Task directions:
Leave the images out, and copy each of the records below exactly.

(Items from a data source)
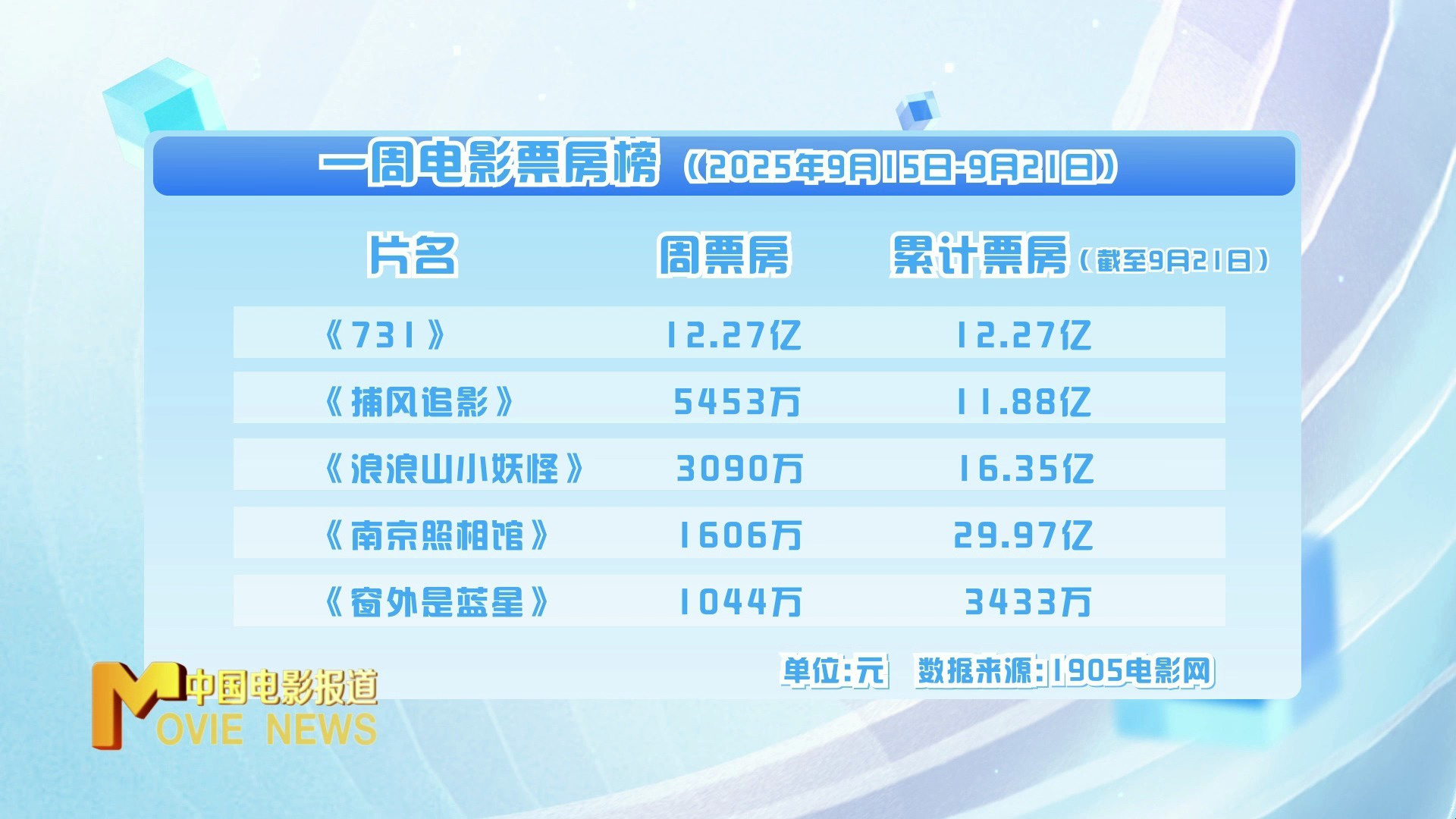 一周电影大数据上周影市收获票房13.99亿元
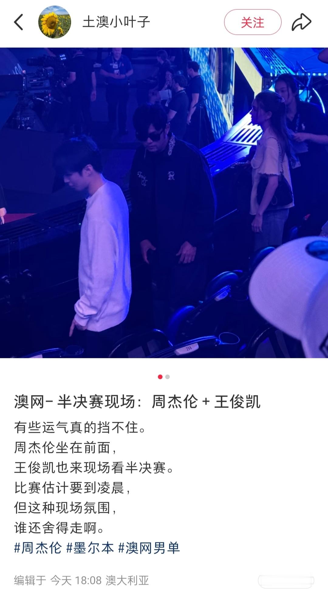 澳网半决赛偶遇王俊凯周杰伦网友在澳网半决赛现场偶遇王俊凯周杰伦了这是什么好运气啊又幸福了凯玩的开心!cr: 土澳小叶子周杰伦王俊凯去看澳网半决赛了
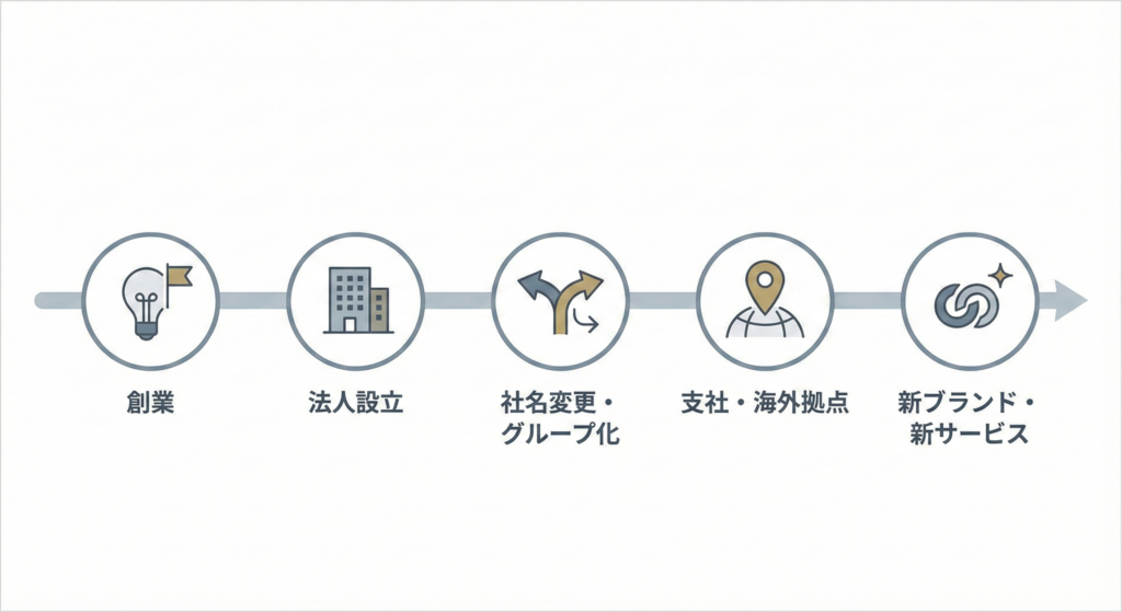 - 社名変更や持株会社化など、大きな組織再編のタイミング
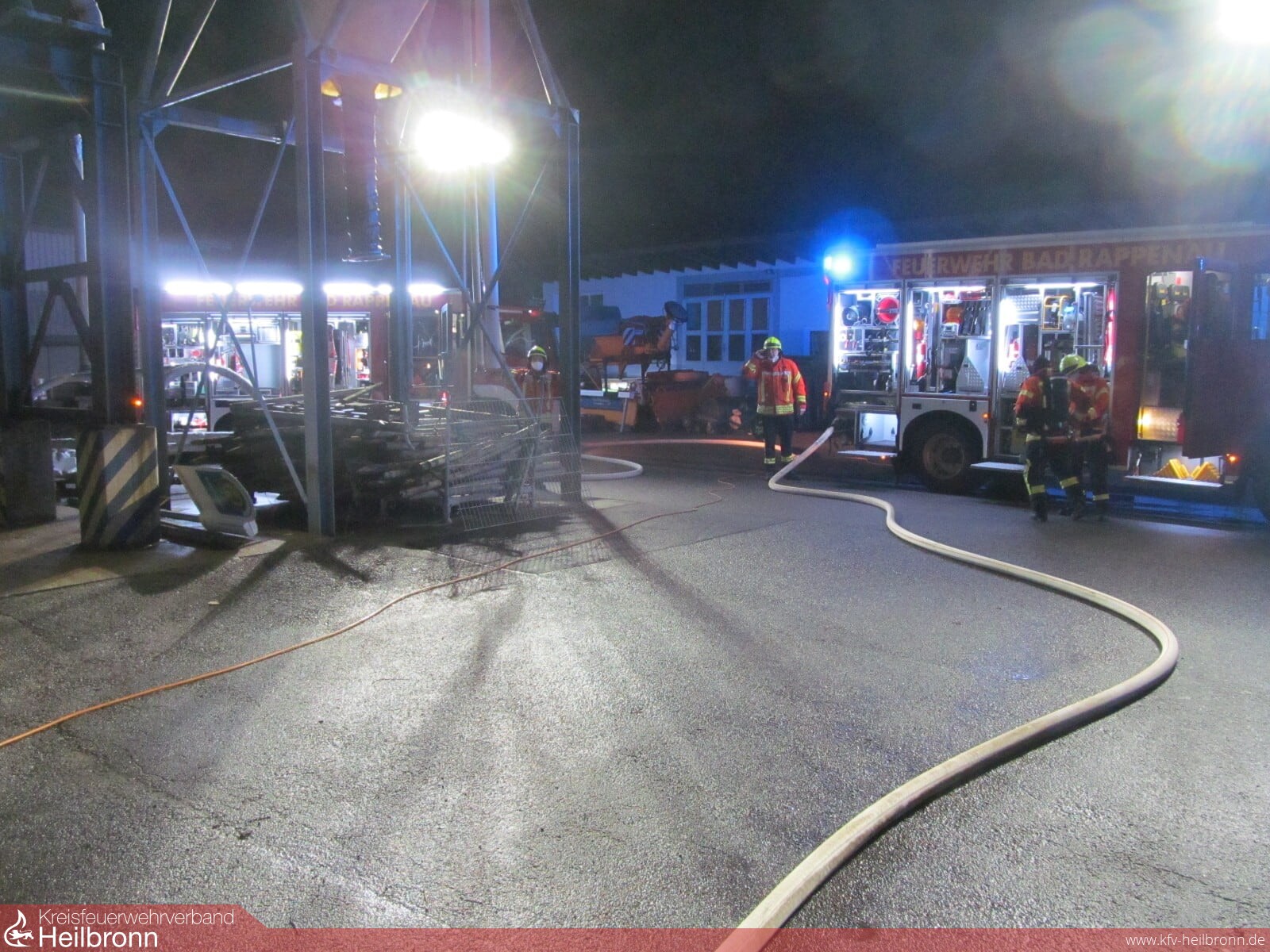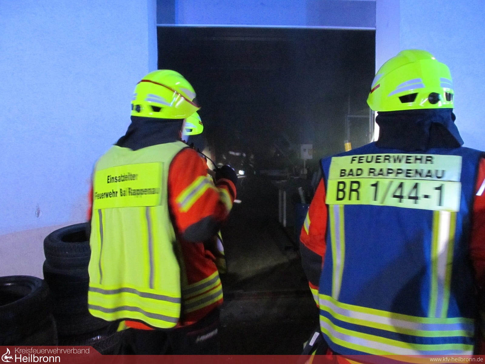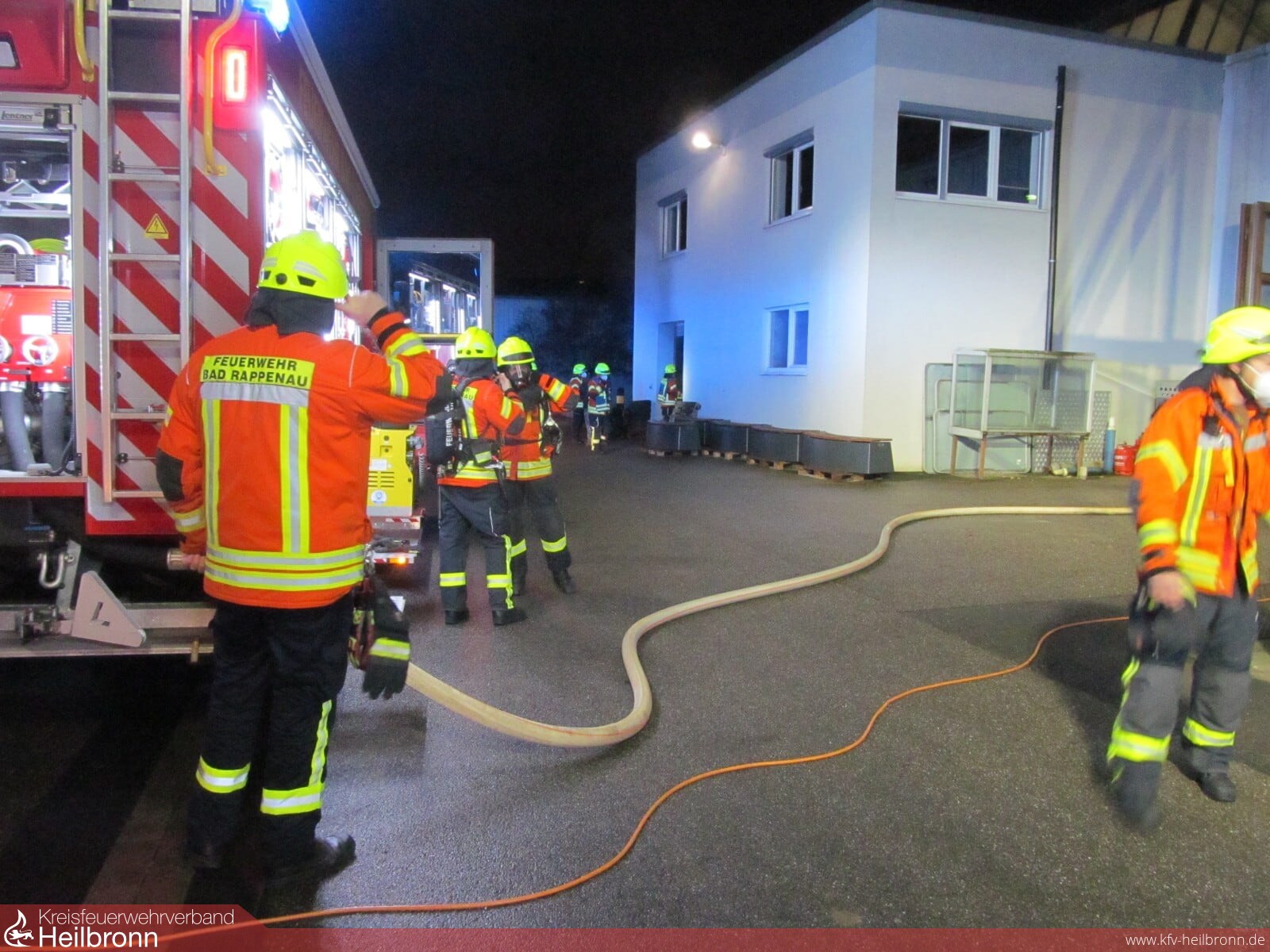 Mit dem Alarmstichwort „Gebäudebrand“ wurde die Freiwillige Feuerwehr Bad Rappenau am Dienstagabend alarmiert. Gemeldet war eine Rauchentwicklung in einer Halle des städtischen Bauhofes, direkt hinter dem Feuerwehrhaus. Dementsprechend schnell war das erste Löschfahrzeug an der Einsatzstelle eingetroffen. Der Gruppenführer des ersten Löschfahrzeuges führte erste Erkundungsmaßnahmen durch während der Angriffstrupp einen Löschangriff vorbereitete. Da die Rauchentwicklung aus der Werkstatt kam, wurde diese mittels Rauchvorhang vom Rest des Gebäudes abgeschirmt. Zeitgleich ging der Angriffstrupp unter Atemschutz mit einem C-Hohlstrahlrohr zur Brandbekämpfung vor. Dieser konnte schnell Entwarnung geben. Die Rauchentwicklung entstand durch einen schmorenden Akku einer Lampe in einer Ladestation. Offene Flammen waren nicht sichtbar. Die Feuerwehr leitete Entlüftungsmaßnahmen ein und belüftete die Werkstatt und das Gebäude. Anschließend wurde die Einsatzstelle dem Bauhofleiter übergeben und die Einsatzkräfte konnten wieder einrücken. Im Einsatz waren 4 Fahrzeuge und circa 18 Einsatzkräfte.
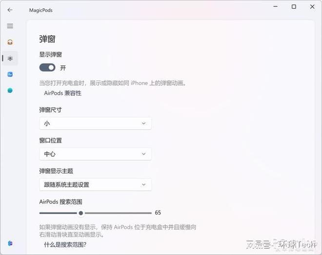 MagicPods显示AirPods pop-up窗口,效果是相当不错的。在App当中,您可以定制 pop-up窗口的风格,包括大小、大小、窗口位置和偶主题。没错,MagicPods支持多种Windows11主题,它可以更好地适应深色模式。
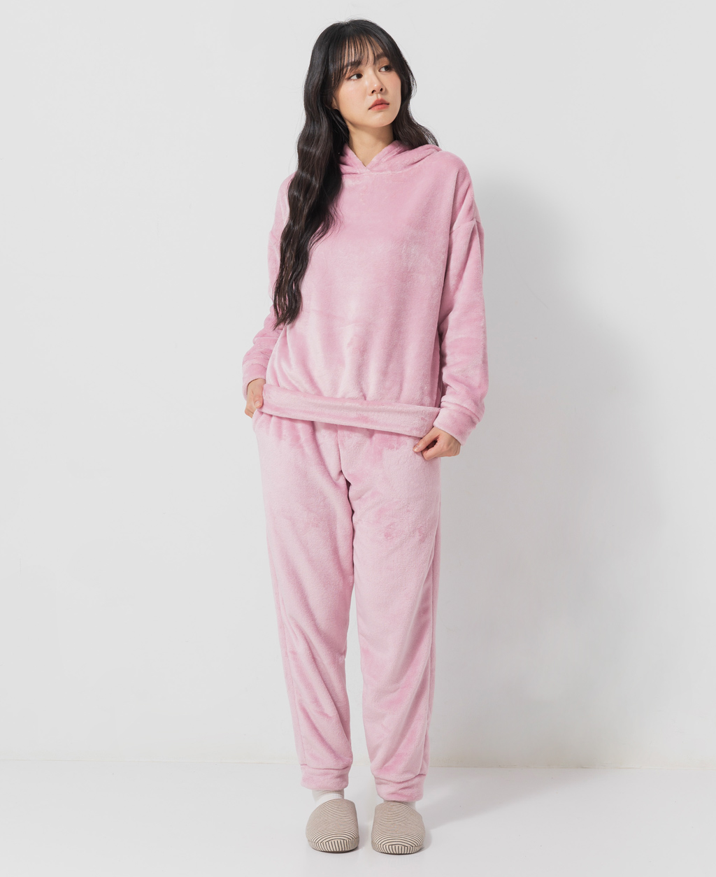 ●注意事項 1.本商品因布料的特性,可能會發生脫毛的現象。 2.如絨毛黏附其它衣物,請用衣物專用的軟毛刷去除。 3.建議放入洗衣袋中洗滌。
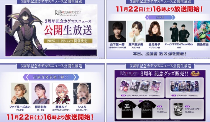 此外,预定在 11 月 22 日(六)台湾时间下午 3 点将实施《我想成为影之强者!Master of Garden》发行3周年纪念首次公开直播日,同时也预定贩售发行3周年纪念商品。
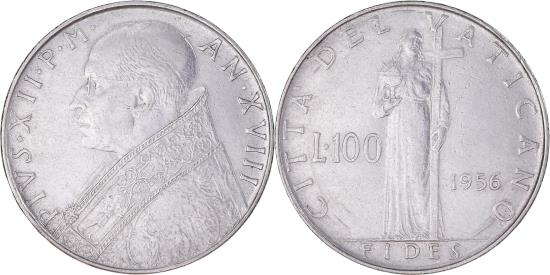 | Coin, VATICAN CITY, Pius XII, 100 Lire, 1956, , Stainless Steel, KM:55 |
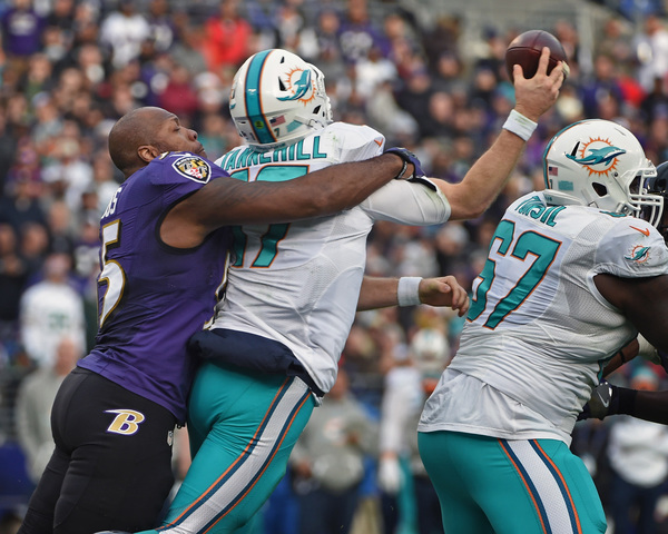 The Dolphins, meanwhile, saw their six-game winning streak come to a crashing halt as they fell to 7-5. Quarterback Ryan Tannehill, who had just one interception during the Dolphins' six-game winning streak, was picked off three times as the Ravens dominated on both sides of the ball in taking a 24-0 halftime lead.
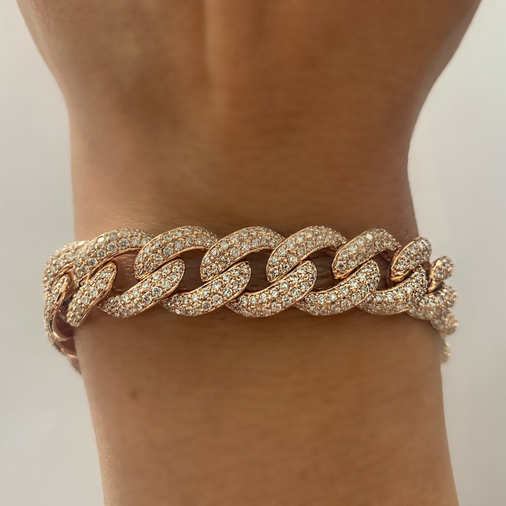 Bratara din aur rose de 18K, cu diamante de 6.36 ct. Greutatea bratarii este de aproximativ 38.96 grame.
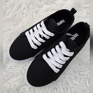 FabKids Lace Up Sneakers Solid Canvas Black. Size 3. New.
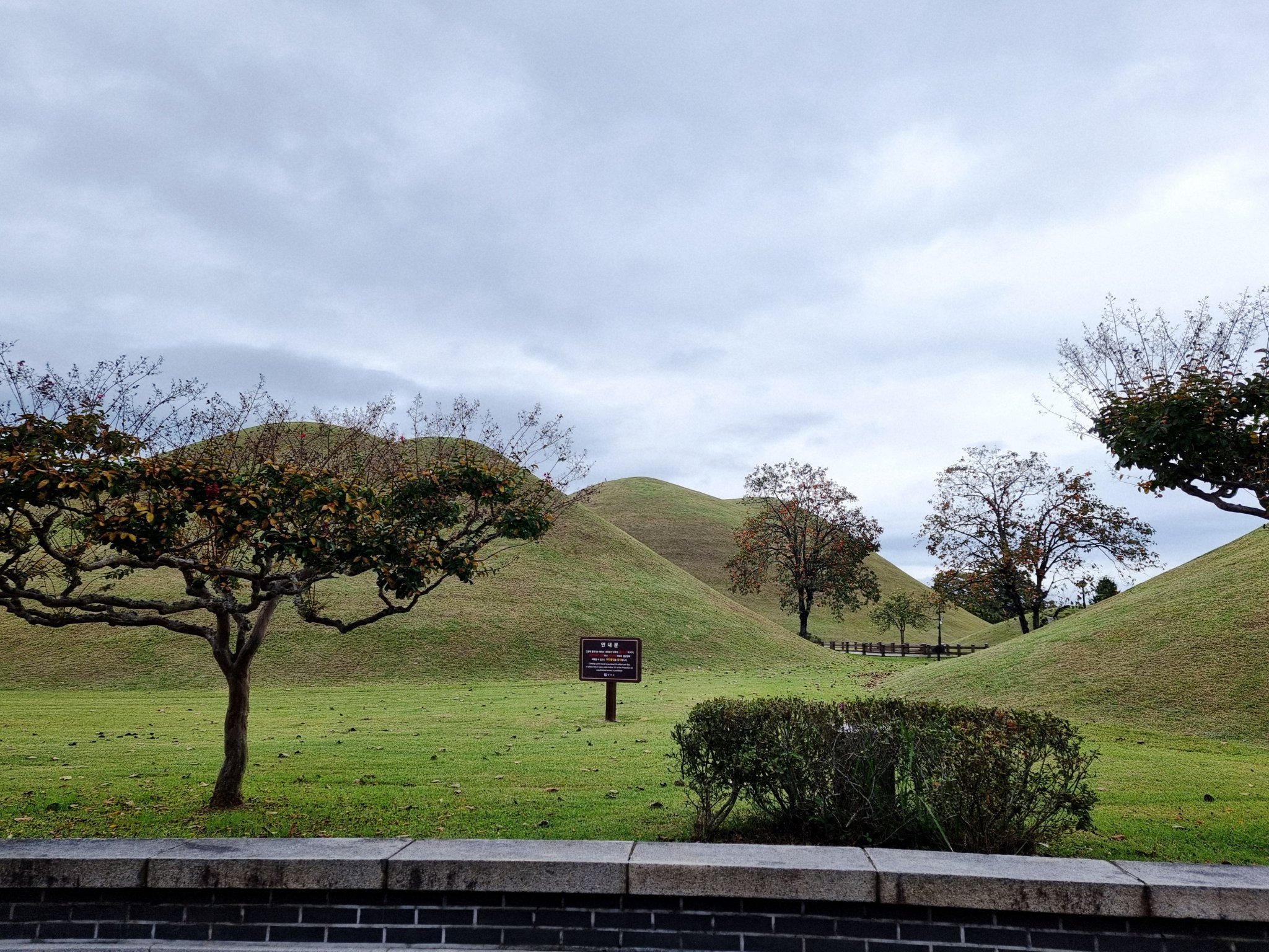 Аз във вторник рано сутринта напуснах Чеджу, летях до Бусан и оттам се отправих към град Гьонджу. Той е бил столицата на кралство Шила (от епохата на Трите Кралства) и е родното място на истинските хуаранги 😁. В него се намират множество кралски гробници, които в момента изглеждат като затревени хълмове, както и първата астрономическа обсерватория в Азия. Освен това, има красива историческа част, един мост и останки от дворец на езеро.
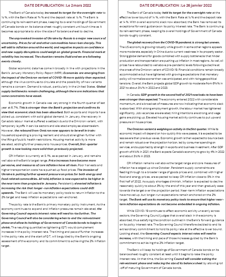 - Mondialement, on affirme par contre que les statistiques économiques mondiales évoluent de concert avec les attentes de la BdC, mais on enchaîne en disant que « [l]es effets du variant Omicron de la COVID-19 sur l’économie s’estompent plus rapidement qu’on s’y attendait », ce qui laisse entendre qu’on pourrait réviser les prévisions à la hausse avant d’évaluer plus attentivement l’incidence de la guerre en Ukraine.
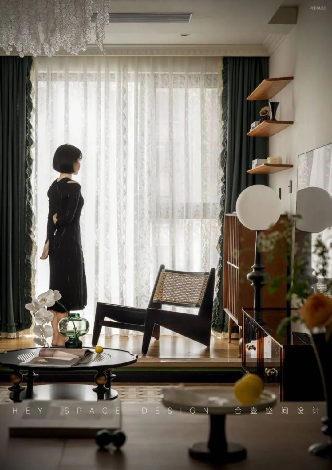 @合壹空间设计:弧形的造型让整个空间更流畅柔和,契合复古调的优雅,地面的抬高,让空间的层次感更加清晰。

Answer to this problem:
 一周电影大数据上周影市收获票房13.99亿元
 澳网半决赛偶遇王俊凯周杰伦网友在澳网半决赛现场偶遇王俊凯周杰伦了这是什么好运气啊又幸福了凯玩的开心!cr: 土澳小叶子周杰伦王俊凯去看澳网半决赛了
 - 社名変更や持株会社化など、大きな組織再編のタイミング
 Mit dem Alarmstichwort „Gebäudebrand“ wurde die Freiwillige Feuerwehr Bad Rappenau am Dienstagabend alarmiert. Gemeldet war eine Rauchentwicklung in einer Halle des städtischen Bauhofes, direkt hinter dem Feuerwehrhaus. Dementsprechend schnell war das erste Löschfahrzeug an der Einsatzstelle eingetroffen. Der Gruppenführer des ersten Löschfahrzeuges führte erste Erkundungsmaßnahmen durch während der Angriffstrupp einen Löschangriff vorbereitete. Da die Rauchentwicklung aus der Werkstatt kam, wurde diese mittels Rauchvorhang vom Rest des Gebäudes abgeschirmt. Zeitgleich ging der Angriffstrupp unter Atemschutz mit einem C-Hohlstrahlrohr zur Brandbekämpfung vor. Dieser konnte schnell Entwarnung geben. Die Rauchentwicklung entstand durch einen schmorenden Akku einer Lampe in einer Ladestation. Offene Flammen waren nicht sichtbar. Die Feuerwehr leitete Entlüftungsmaßnahmen ein und belüftete die Werkstatt und das Gebäude. Anschließend wurde die Einsatzstelle dem Bauhofleiter übergeben und die Einsatzkräfte konnten wieder einrücken. Im Einsatz waren 4 Fahrzeuge und circa 18 Einsatzkräfte.
 MagicPods显示AirPods pop-up窗口,效果是相当不错的。在App当中,您可以定制 pop-up窗口的风格,包括大小、大小、窗口位置和偶主题。没错,MagicPods支持多种Windows11主题,它可以更好地适应深色模式。
 ●注意事項 1.本商品因布料的特性,可能會發生脫毛的現象。 2.如絨毛黏附其它衣物,請用衣物專用的軟毛刷去除。 3.建議放入洗衣袋中洗滌。
 此外,预定在 11 月 22 日(六)台湾时间下午 3 点将实施《我想成为影之强者!Master of Garden》发行3周年纪念首次公开直播日,同时也预定贩售发行3周年纪念商品。
 | Coin, VATICAN CITY, Pius XII, 100 Lire, 1956, , Stainless Steel, KM:55 |
 The Dolphins, meanwhile, saw their six-game winning streak come to a crashing halt as they fell to 7-5. Quarterback Ryan Tannehill, who had just one interception during the Dolphins' six-game winning streak, was picked off three times as the Ravens dominated on both sides of the ball in taking a 24-0 halftime lead.
 Bratara din aur rose de 18K, cu diamante de 6.36 ct. Greutatea bratarii este de aproximativ 38.96 grame.
 FabKids Lace Up Sneakers Solid Canvas Black. Size 3. New.
 Аз във вторник рано сутринта напуснах Чеджу, летях до Бусан и оттам се отправих към град Гьонджу. Той е бил столицата на кралство Шила (от епохата на Трите Кралства) и е родното място на истинските хуаранги 😁. В него се намират множество кралски гробници, които в момента изглеждат като затревени хълмове, както и първата астрономическа обсерватория в Азия. Освен това, има красива историческа част, един мост и останки от дворец на езеро.
 - Mondialement, on affirme par contre que les statistiques économiques mondiales évoluent de concert avec les attentes de la BdC, mais on enchaîne en disant que « [l]es effets du variant Omicron de la COVID-19 sur l’économie s’estompent plus rapidement qu’on s’y attendait », ce qui laisse entendre qu’on pourrait réviser les prévisions à la hausse avant d’évaluer plus attentivement l’incidence de la guerre en Ukraine.
 @合壹空间设计:弧形的造型让整个空间更流畅柔和,契合复古调的优雅,地面的抬高,让空间的层次感更加清晰。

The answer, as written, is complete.